Dilipak: Bu tartışmaların çok yüzeysel, derinliği olmayan, ahlaki değer de içermeyen tartışmalar olduğunu düşünüyorum. Bu şizofrenik davranışlar toplumsal barışı tehdit ediyor.
Bir kesime “ o varken ben var olabilir miyim?” kaygısı hakim. Bu haklı bir kaygı değil mi?
Dilipak: Böyle bir tehdit algılaması içindeysem bunun yolu yargısal süreç olmalı. Şimdi Sarıyer Belediye Başkanı CHP’li. Cuma günü Sarıyer’e cumaya gelenlere özel otobüs tahsis ediyor. Bu bir tehdit algılaması olarak görülmüyor. Aynı şey bir sinagog için de yapılabilir.
Benim acılarımı haber yapmadı
Evet ama ortada bir gerçek var: Kendini laik olarak adlandıran bir kesim “İslamcı” dediği bir kesimden korkuyor. Bu korkunun kaynaklarından biri de “İslami” olarak adlandırılan yayınların dili. Vakit gazetesi agresif bir dil kullanıyor, Vitali Hakko’nun ölümünün ardından “Kısa sürede köşeyi dönen Yahudi işadamı” yazıyor, misyoner evlerini Türkiye’nin dört bir yanını sardığını söylüyor. Bu ötekini hedef göstermek değil mi?
Dilipak: Benim eşim ortaokul mezunu. Kızım, kız kardeşim, yeğenlerim de okuyamadı. Ben bunu hiçbir zaman düşmanlığa dönüştürmedim ama toplumun belli kesimlerinde infial oluştu.
Engellemeler mi öfke yarattı?
Dilipak: Evet, ben kimseye vurmadığım, çalmadığım halde günde 5 kez yargılandım. Kimse benim acılarımı haber yapmadı. En ağır acıları çekerken bile bu ülkeyi terk etmeyi düşünmedim. Fazıl Say şimdi ülkeyi terk edecekmiş! Bütün bunlar olurken hâlâ İmam Hatipli öğrencilerin otobüsü ile ilgili tehditler karşısında insanlar soruyor, neden? Kuran kursu düzenleyip kendimi ihbar ettireceğim! Karşı apartmanımda misyoner bir okul açılıyor, evime gelen Kuran hocası karakola götürülüyor.
Vakit’in haberlerini doğru mu buluyorsunuz yani? Bu, hedef gösterme değil midir?

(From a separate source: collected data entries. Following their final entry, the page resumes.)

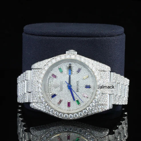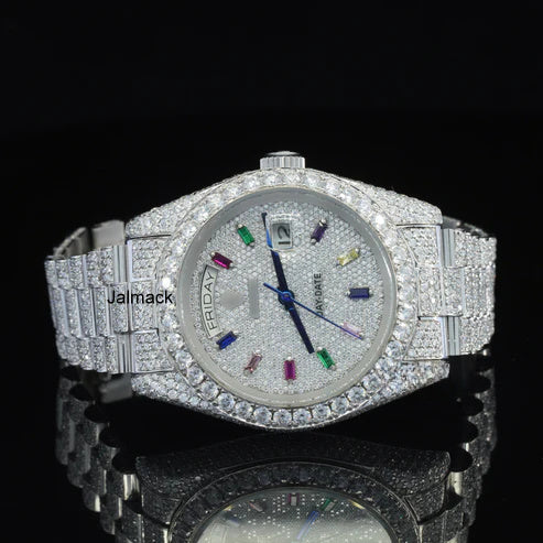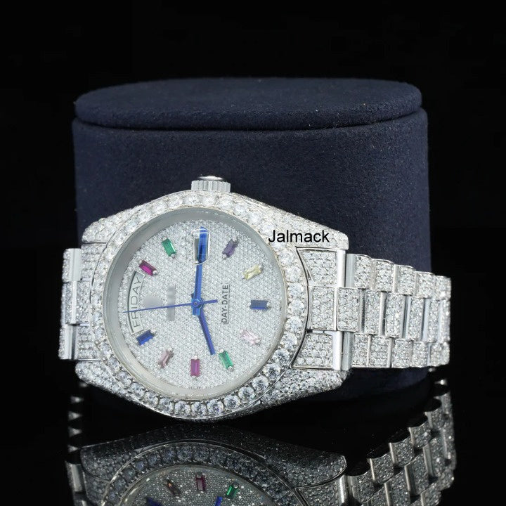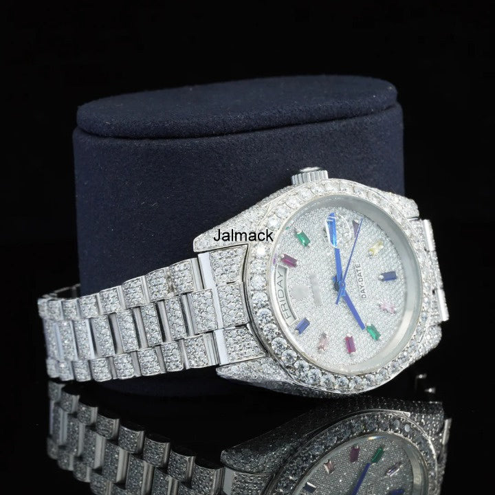 Customized Moissanite Studded Watch, 41MM Day Date fully Bust down Moissanite Diamond Watch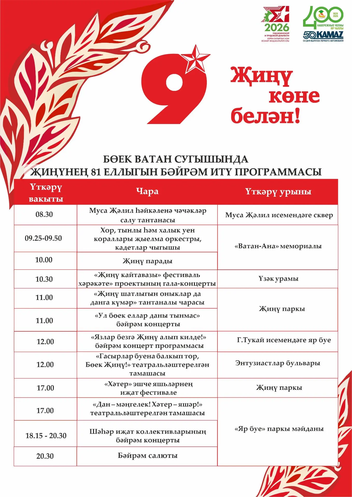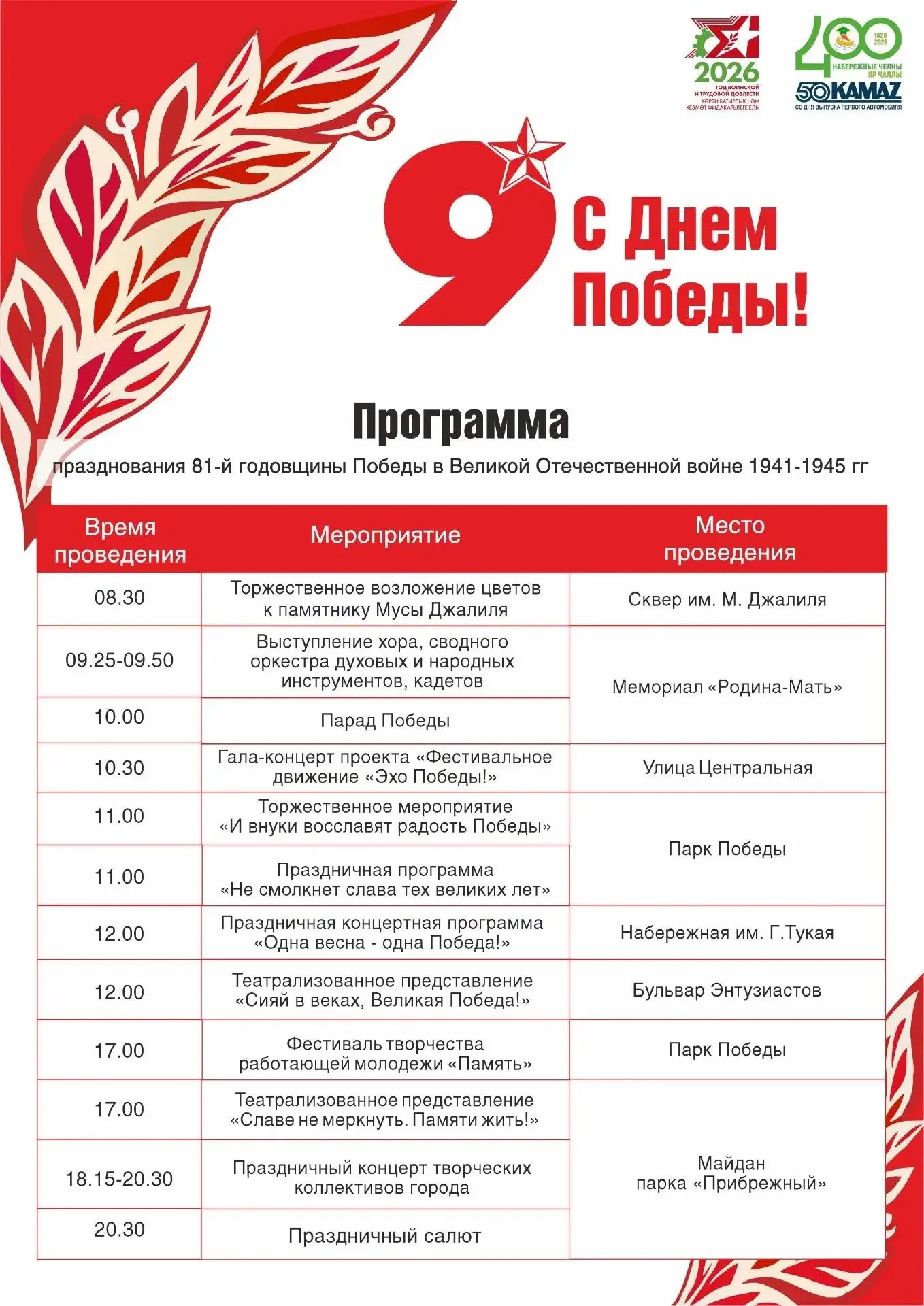 В 10:00 на проспекте Мусы Джалиля у мемориала «Родина-мать» — торжественный Парад Победы: 41 парадный расчёт, техника времён ВОВ и техника, которая сегодня производится в Набережных Челнах для Вооружённых Сил России. После парада — возложение венков и цветов.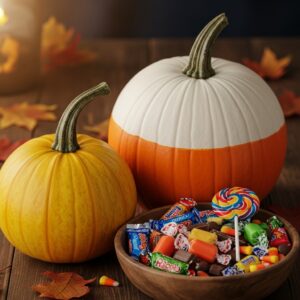 Paint your pumpkin in three bands of white, orange, and yellow to mimic the look of candy corn.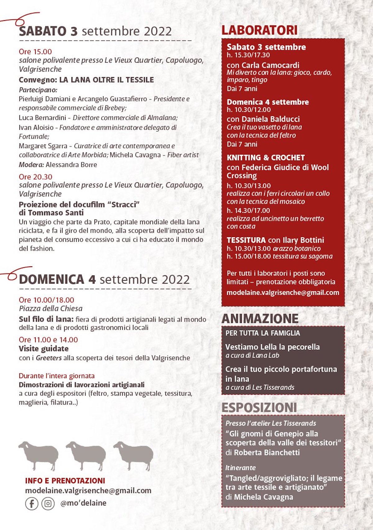 Per iscrizioni e prenotazioni scrivere a modelaine.valgrisenche@gmail.com.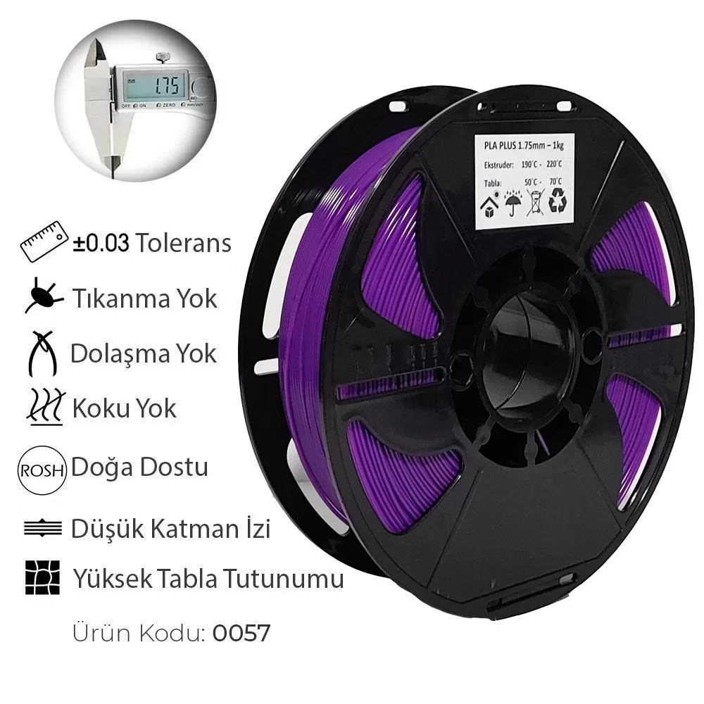 Yakın toleranslı 1,75 mm çapta olup homojen yapı ve stabil ekstrüzyon için sıkı üretim prosesleri uygulanır.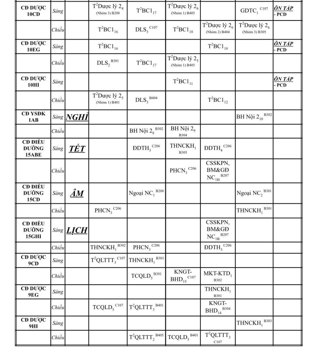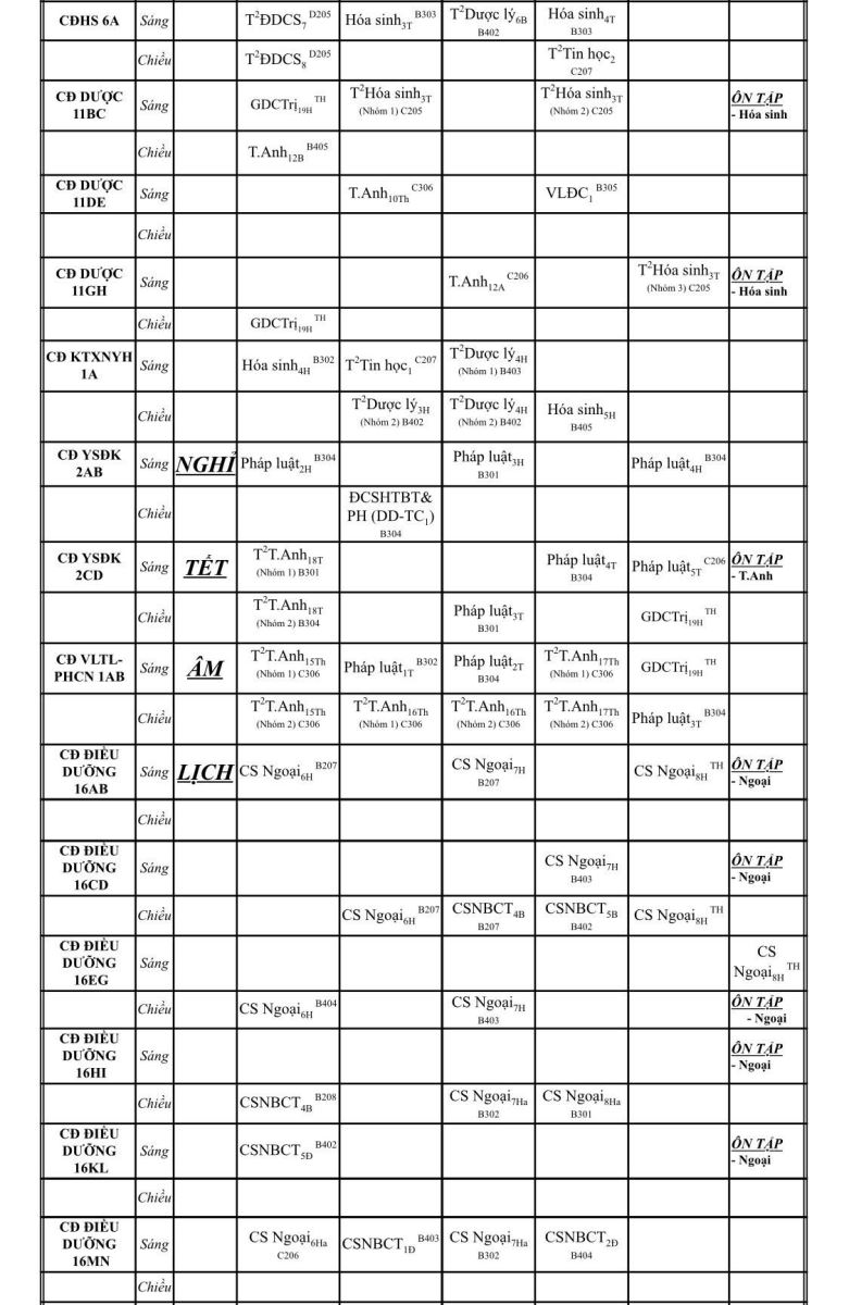 LỊCH HỌC LẠI Từ ngày: 11.08.2025 đến 17.08.2025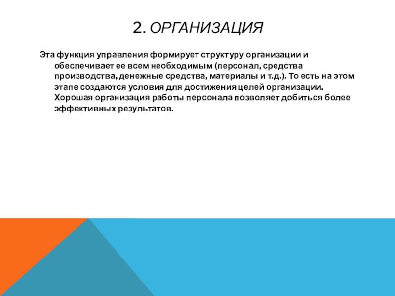 Эта функция управления формирует структуру организации и обеспечивает ее всем
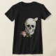 Um crânio, com uma rosa entre os dentes e uma borboleta, deitado sobre um fundo de um depoimento manuscrito dos julgamentos da Bruxa de Salem. © Wickely Lovely
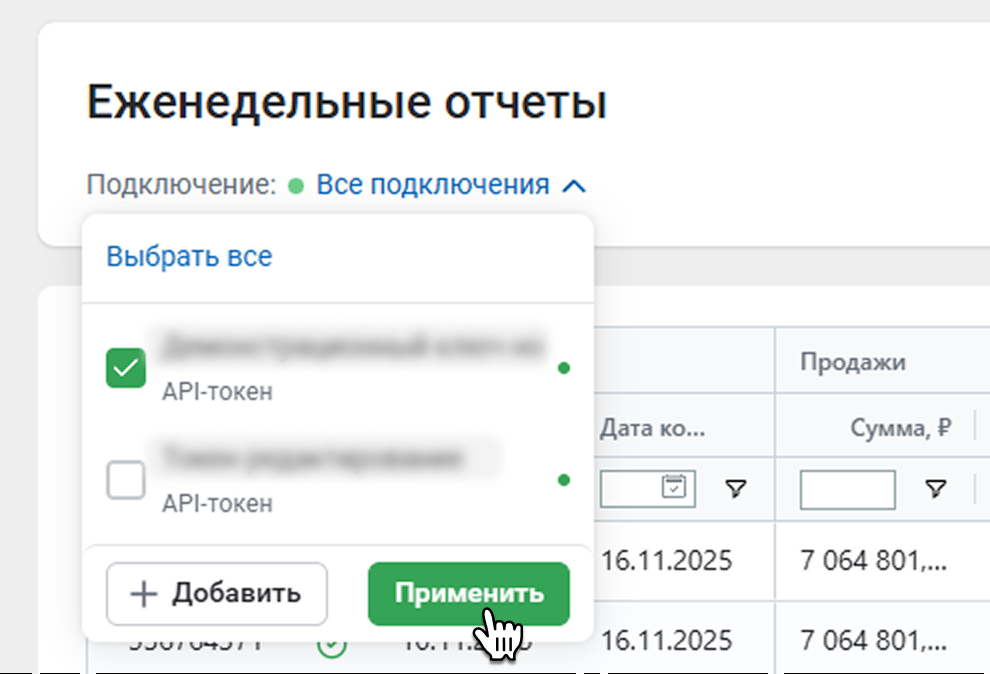 Вы можете посмотреть отчеты по всем своим подключениям или выбрать определенные. Для этого нажмите на кнопку в левом верхнем углу, отметьте нужные токены галочками и нажмите Применить.

Dilipak: Vakit’in politikası beni ilgilendirmez. Ben orada bir yazarım ama dini yaymak suç. Kuran kursu okutulamaz, diye yasa yaptılar. Aynı şey Hıristiyanlar için de geçerlidir herhalde. Kızların kürsüden indirilmesi karşısında sessiz kalan medya harembüs diye manşet çekiyorsa bu provokasyondur.
ALEVİ AÇILIMI OPORTÜNİZM
Vakit’in agresif çizgisine sebep diğer yayın organları mı?
Dilipak: Agresif yayınları örgütleyen psikolojik harp bunu istiyor.
Kamplaşma güçleniyor mu?
Dilipak: Hayır, toplumda böyle bir şey yok.
Fazıl Say’dan karşı kamp gibi bahsettiniz ama.
Ergil: Toplumu kendi haline bıraksanız gerilimden kaçar. Bırakırsanız eninde sonunda bir yerde uzlaşırlar.
Diğer bir gerilim sebebi de Aleviler ile ilgili AKP’nin açılımı. Siz nasıl görüyorsunuz Aleviler ile ilgili gelişmeleri?
Dilipak: Günü kurtarıyorlar, yumuşak geçiş yapmak istiyorlar. Bu oportünizmdir. Öncelikle Aleviliğin doğru tanımını yapmak lazım.